[WHAT YOU HAVE TO DO]:
In the data below, set down exactly the lines from the one containing "四川達州應急管理局通報,8月" up to and including the one containing "Vom 13. bis". Leave the pictures out.

[Opening TASK INPUT section]

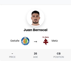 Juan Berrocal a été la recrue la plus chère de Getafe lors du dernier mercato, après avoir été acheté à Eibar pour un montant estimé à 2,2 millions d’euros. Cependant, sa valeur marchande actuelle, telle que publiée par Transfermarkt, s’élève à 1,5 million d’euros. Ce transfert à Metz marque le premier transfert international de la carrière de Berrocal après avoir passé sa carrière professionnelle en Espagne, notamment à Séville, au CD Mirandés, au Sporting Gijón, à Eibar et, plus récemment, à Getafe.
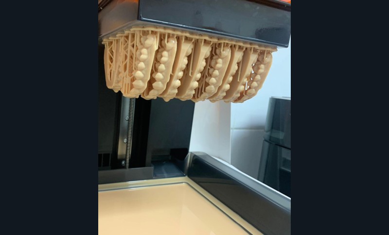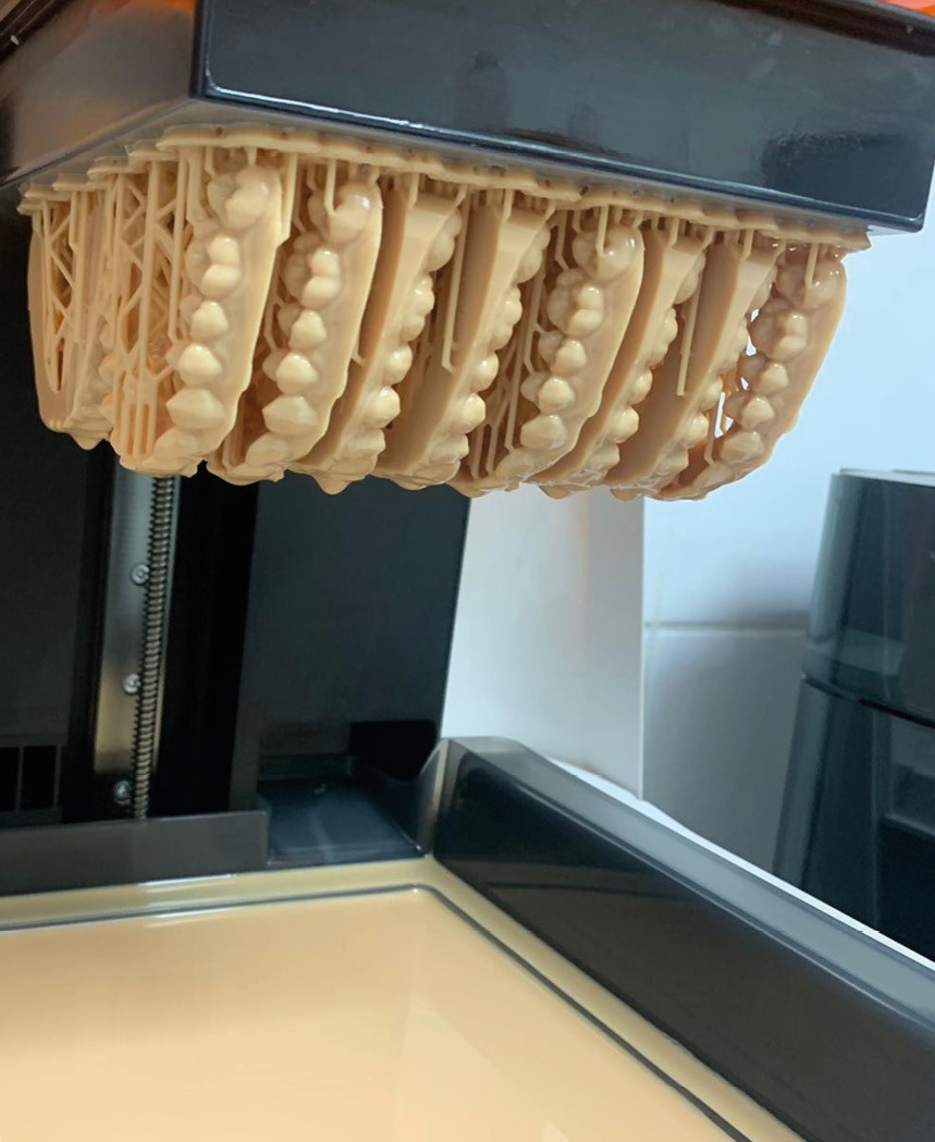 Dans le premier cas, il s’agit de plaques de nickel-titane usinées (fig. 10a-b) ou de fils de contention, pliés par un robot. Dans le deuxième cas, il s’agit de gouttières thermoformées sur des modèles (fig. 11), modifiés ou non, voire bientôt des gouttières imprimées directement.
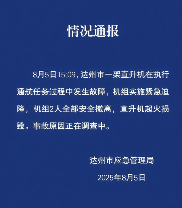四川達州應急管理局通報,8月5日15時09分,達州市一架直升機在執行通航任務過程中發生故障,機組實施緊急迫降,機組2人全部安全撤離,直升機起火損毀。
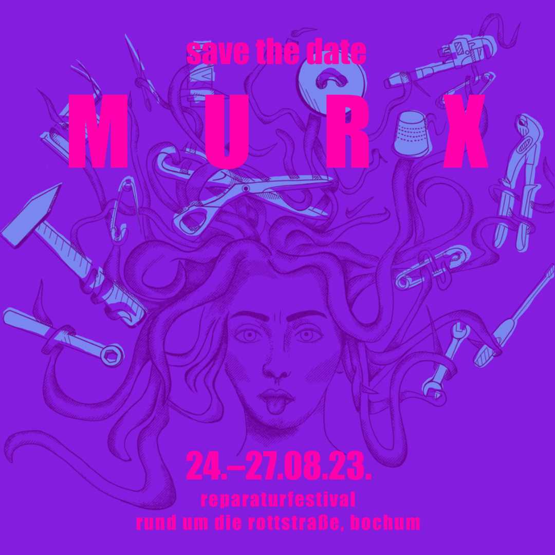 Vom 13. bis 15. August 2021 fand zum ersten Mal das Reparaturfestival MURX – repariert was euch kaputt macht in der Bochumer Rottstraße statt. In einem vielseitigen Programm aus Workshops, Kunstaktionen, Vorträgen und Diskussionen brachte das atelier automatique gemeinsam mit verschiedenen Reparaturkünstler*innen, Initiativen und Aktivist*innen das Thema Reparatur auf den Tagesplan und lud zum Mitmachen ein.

[Closing TASK INPUT section]
[Opening TASK INPUT section]

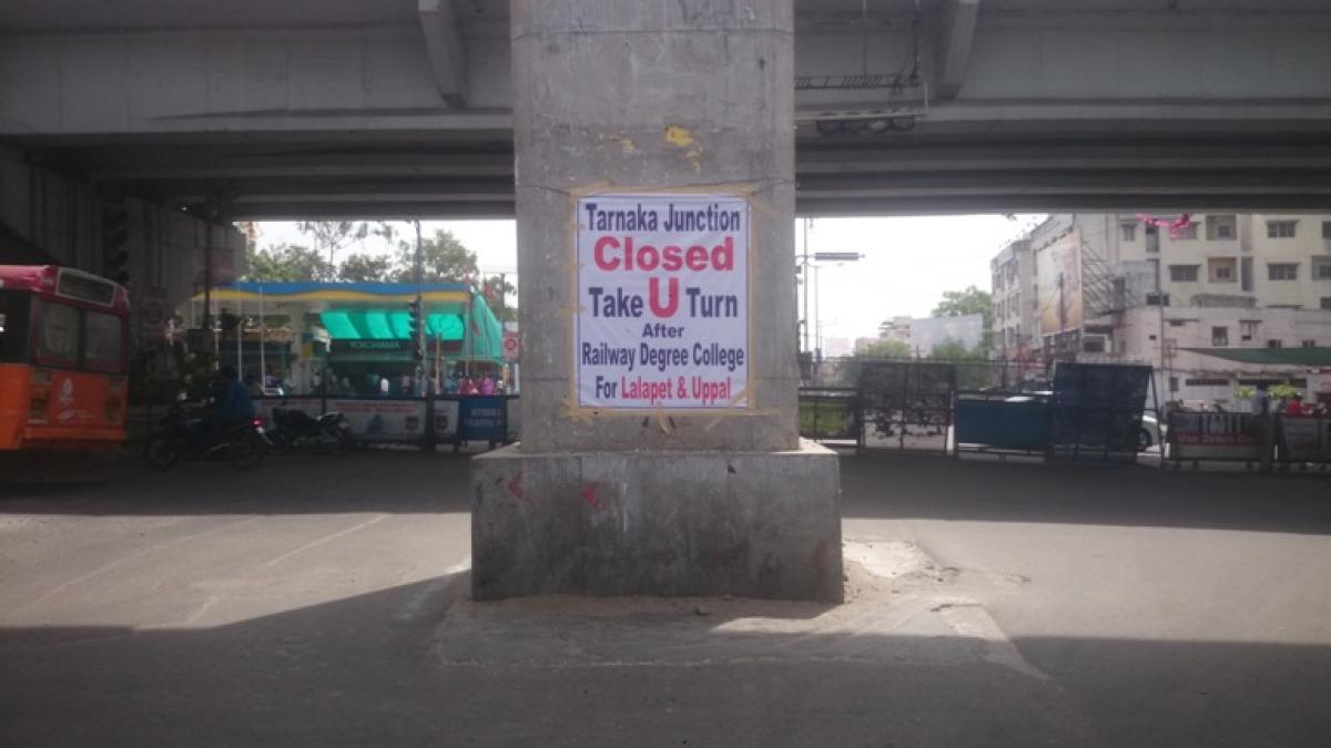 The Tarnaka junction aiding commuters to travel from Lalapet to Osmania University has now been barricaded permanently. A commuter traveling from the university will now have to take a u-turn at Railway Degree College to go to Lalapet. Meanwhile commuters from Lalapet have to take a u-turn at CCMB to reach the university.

[Closing TASK INPUT section]

[RESPONSE]:
四川達州應急管理局通報,8月5日15時09分,達州市一架直升機在執行通航任務過程中發生故障,機組實施緊急迫降,機組2人全部安全撤離,直升機起火損毀。
 Vom 13. bis 15. August 2021 fand zum ersten Mal das Reparaturfestival MURX – repariert was euch kaputt macht in der Bochumer Rottstraße statt. In einem vielseitigen Programm aus Workshops, Kunstaktionen, Vorträgen und Diskussionen brachte das atelier automatique gemeinsam mit verschiedenen Reparaturkünstler*innen, Initiativen und Aktivist*innen das Thema Reparatur auf den Tagesplan und lud zum Mitmachen ein.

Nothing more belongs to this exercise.